You’re an early adopter, right? Remember that LCD HDTV you bought to replace that faulty, wooden, 27-inch console television? Remember the HD-with-built-in-HDDVD-player TV you bought to replace that? Remember the HDTV you switched back to, wisely purchasing a separate Blu-Ray player? Remember the 3DTV you bought six months ago, flippantly disregarding the complete lack of content and criminal cost of 3D glasses? Good times. You’ve torn your wallet all sorts of new orifices, haven’t you?

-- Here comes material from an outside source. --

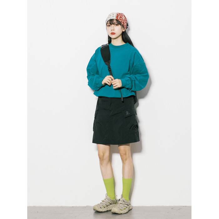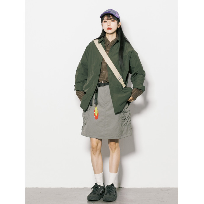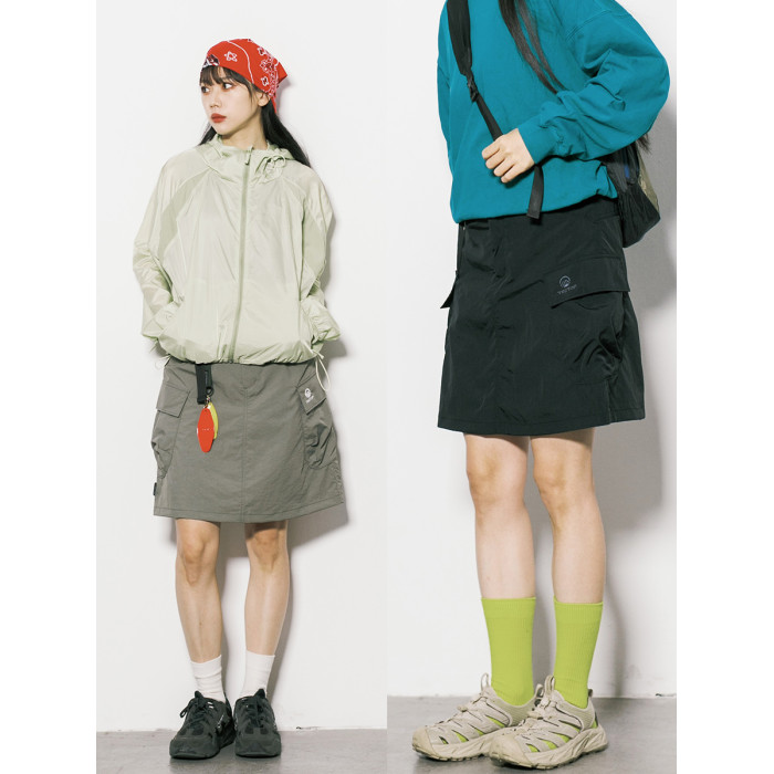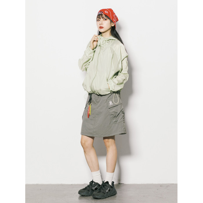 RCDB高腰運動休閒工裝裙女小衆大口袋下擺抽繩設計a字半身短裙子

Well, don’t let it rest just yet. Toshiba, fancy folk as they are, are dropping a glasses-free line of 3DTVs this December in Japan.
Basically, it works exactly like the 3DS’ ‘parallax barrier’ – a layer of lenses scatters light to nine ‘sweet spots’ around the room, wherein you’ve gotta sit if you’re not interested in watching a blurry mess. Luckily, if you are interested, there’s probably like 100 spots around the room that totally suck. This technology isn’t exactly the cat’s ass just yet.
But either way, I’m glad Toshiba’s daring to take this route – if I were first of all silly enough to buy into this 3D nonsense, I certainly wouldn’t be willing to justify two hundred bucks for a pair of goddamned glasses. Glasses-free has to be the future – nay – the present of 3D, or we’re all gonna look back in 30 years, as we sit back watching our prime time 2D programming, laughing together about how stupid we were to give a damn about Avatar.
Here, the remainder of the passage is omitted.